Here’s the complete code for splitting a slice into even and odd numbers:

package main

import (
    "fmt"
)

func main() {
    inputSlice := []int{1, 2, 3, 4, 5, 6, 7, 8, 9, 10}

    // Initialize slice of slices
    result := make([][]int, 2)
    result[0] = []int{}  // For even numbers
    result[1] = []int{}  // For odd numbers

    // Split input slice into even and odd numbers
    for _, num := range inputSlice {
        if num%2 == 0 {
            result[0] = append(result[0], num)
        } else {
            result[1] = append(result[1], num)
        }
    }

    // Output the result
    fmt.Println("Even numbers:", result[0])
    fmt.Println("Odd numbers:", result[1])
}

test the code

goplay.tools

Working with append, copy, and delete

The real power of slices of slices comes when working with functions like append, copy, and delete that operate on slice types.

Append

With append, you can add a slice onto the end of a slice of slices given that you included space for it at the variable defination:

sliceOfSlices = append(sliceOfSlices, []int{6, 7})

This will add the slice {6, 7} as a new entry at the end of sliceOfSlices.

You can also use append to add an element to one of the inner slices:

sliceOfSlices[0] = append(sliceOfSlices[0], 8)

This appends the element 8 onto the first inner slice of sliceOfSlices.

Copy

The copy function allows you to copy data from one slice of slices to another.

copy(result[1], result[0])

This would copy from slice at index 0 to the slice at index 1.

Delete

You can delete entries from a slice of slices using the delete function:

result = append(result[:1], result[2:]...)

This deletes the slice at index 1 from result.

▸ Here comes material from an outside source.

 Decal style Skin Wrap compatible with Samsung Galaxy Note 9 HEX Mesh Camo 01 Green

Where Slices of Slices are Useful

So why bother with this nested data structure? Slices of slices are useful anytime you need to represent a group of sequences. Some examples:

Separating a sequence into different buckets based on criteria (like the even/odd example)
Representing test cases as a slice of slices, with each inner slice being the inputs/outputs for a test
Storing 2D data like a game board or matrix calculation
Flattening or combining data from different slices into a slice of slices

Compared to using a map of slices, slices of slices have some performance benefits. Slices are just contiguous regions of array data, so they are very efficient. Maps, on the other hand, use more memory and have computational overhead for hashing and lookups.

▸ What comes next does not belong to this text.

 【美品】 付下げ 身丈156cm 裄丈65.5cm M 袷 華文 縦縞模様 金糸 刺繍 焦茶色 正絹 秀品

Slices of slices also allow you to preserve order, which you can't do with a map. The order of the inner slices, and the order of elements within each inner slice, is maintained.

How Slices of Slices Differ from Maps

Speaking of maps, it's worth comparing and contrasting slices of slices to maps of slices, since these two data structures can sometimes be used for similar purposes.

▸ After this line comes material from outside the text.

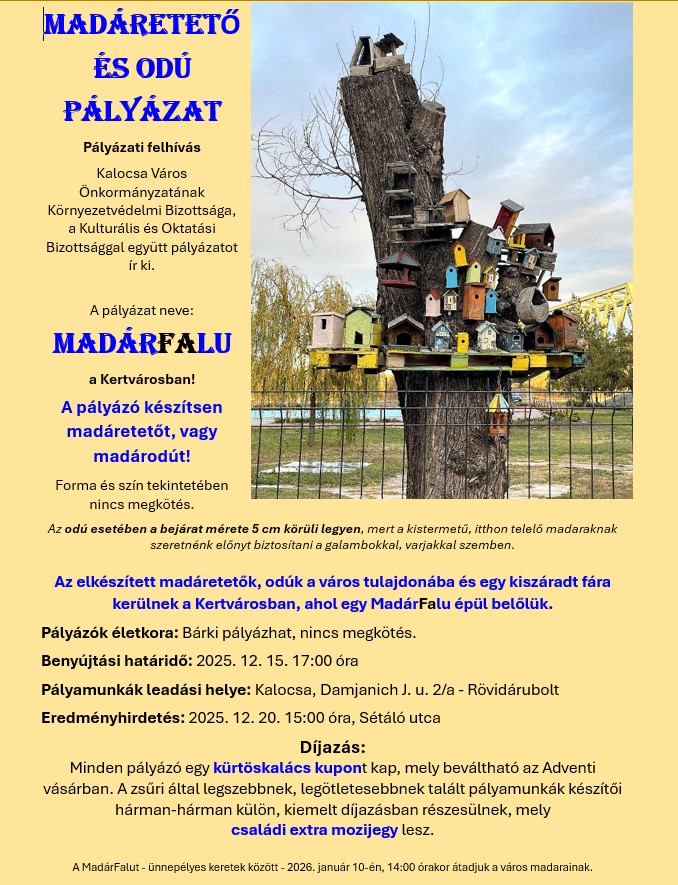 MADÁRFALU PÁLYÁZAT 2025. december 9. Kalocsa Város Önkormányzatának Környezetvédelmi Bizottsága, a Kulturális és Oktatási Bizottsággal együtt pályázatot ír ki. A pályázat neve: MadárFAlu a Kertvárosban! A pályázó készítsen madáretetőt, vagy madárodút!
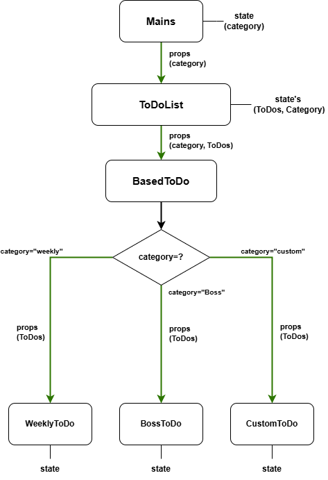 - category의 값에 따라 WeeklyToDo/BossToDo/CustomToDo 중 하나를 랜더링

With a map, the keys act as a way to group and access the inner slice values. For example:

evenOdds := make(map[string][]int)
evenOdds["even"] = []int{2, 4, 6}
evenOdds["odd"] = []int{1, 3, 5}

Here the map keys "even" and "odd" provide strings to access and differentiate the inner slices.

With slices of slices, there are no explicit keys. The outer slice just maintains the inner slices in order:

sliceOfSlices := [][]int{{2, 4, 6}, {1, 3, 5}}

Pros and Cons

Slices of slices are more compact, efficient, and better if you want to preserve ordering. Maps can be easier if you want an explicit key to access each inner sequence.

Common Pitfalls

Index Out of Range: Ensure you check the length of the slice before accessing an index.
Memory Leaks: When deleting elements, be cautious of memory leaks due to residual references.
Capacity Issues: Be mindful of slice capacity to avoid unnecessary allocations.

Conclusion

Slices of slices might take some getting used to, especially if you're coming from a different programming background. However, they are an incredibly useful and efficient way to represent nested sequences in Go. From separating data into buckets to representing complex structures like game boards, slices of slices offer both flexibility and performance. I hope this guide helps you get comfortable with slices of slices and see its potential in your Go projects. Happy coding!